A 36-year-old woman was evaluated in our LT clinic for hypoxemia and respiratory failure due to obstructive lung disease. Seven years prior, she developed fever and tender skin papules demonstrating dense neutrophilic dermal infiltration, without vasculitis or immunobullous disease on skin biopsy. The clinical presentation and swift response to corticosteroid therapy fulfilled diagnostic criteria for SS. She developed cough, dyspnea, and rhinosinusitis 4 years before, at which time results of pulmonary function tests (PFTs) were normal (FVC, 4.16 L [98%]; FEV1, 3.37 L [95%]). She required extensive sinus surgery 4 years 5 months before presentation. High-resolution CT (HRCT) of the chest demonstrated diffuse airway thickening, mosaic attenuation, and bronchocentric nodularity, consistent with small/large airways disease. Despite multiple unremarkable infectious evaluations of lower respiratory tract samples, she was treated with repeated courses of antibiotics/corticosteroids.

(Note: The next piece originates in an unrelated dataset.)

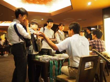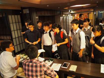 準備ができた班からチェックを受け、スマートフォンとバスチケットを受け取り、貴重品管理の注意を受けて出発です。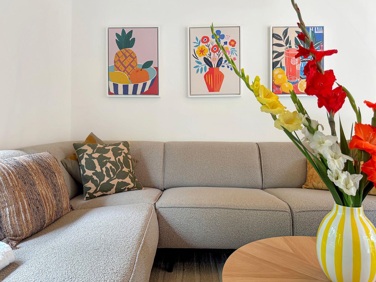 Die Wohnung erstreckt sich über 60 m² und ist geschmackvoll eingerichtet. Der großzügige Wohnbereich ist mit Parkett ausgelegt, verfügt über eine komfortable Sofaecke und einen Essbereich, der zu gemeinsamen Mahlzeiten einlädt. Die große, offene Küche ist mit hochwertigen Geräten ausgestattet, darunter ein Herd, eine Spülmaschine, eine Kaffeemaschine und viele Küchenutensilien, damit Sie Ihre kulinarischen Fähigkeiten voll ausleben können. Genießen Sie die Flexibilität, frische Zutaten aus dem nahegelegenen Supermarkt zuzubereiten und sich beim gemeinsamen Kochen zu amüsieren!

After the onset of abnormal pulmonary function and new oxygen requirements, she underwent surgical lung biopsy 15 months before presentation, revealing marked airway-centric organizing pneumonia with dense neutrophilic infiltration (Fig 1A). Two months after presentation, PFT showed severe obstruction, air trapping, and loss of diffusing capacity (FVC, 1.94 L [42%]; FEV1, 0.92 L [24%]; total lung capacity 5.56 L [86%]; residual volume, 3.62 L [165%]; diffusing capacity for carbon monoxide, 10.7 mL/min/mm Hg [35%]). She underwent bilateral LT 4 months after presentation, and 4.5 years after the onset of respiratory symptoms. Explant pathology showed severe bronchiectasis/bronchiolectasis with mixed chronic airway inflammation, including numerous neutrophils, but devoid of residual organizing pneumonia (Fig 1B). The post-LT immunosuppression/immunomodulation included rabbit anti-thymocyte globulin, tacrolimus, mycophenolate mofetil, prednisone, and azithromycin.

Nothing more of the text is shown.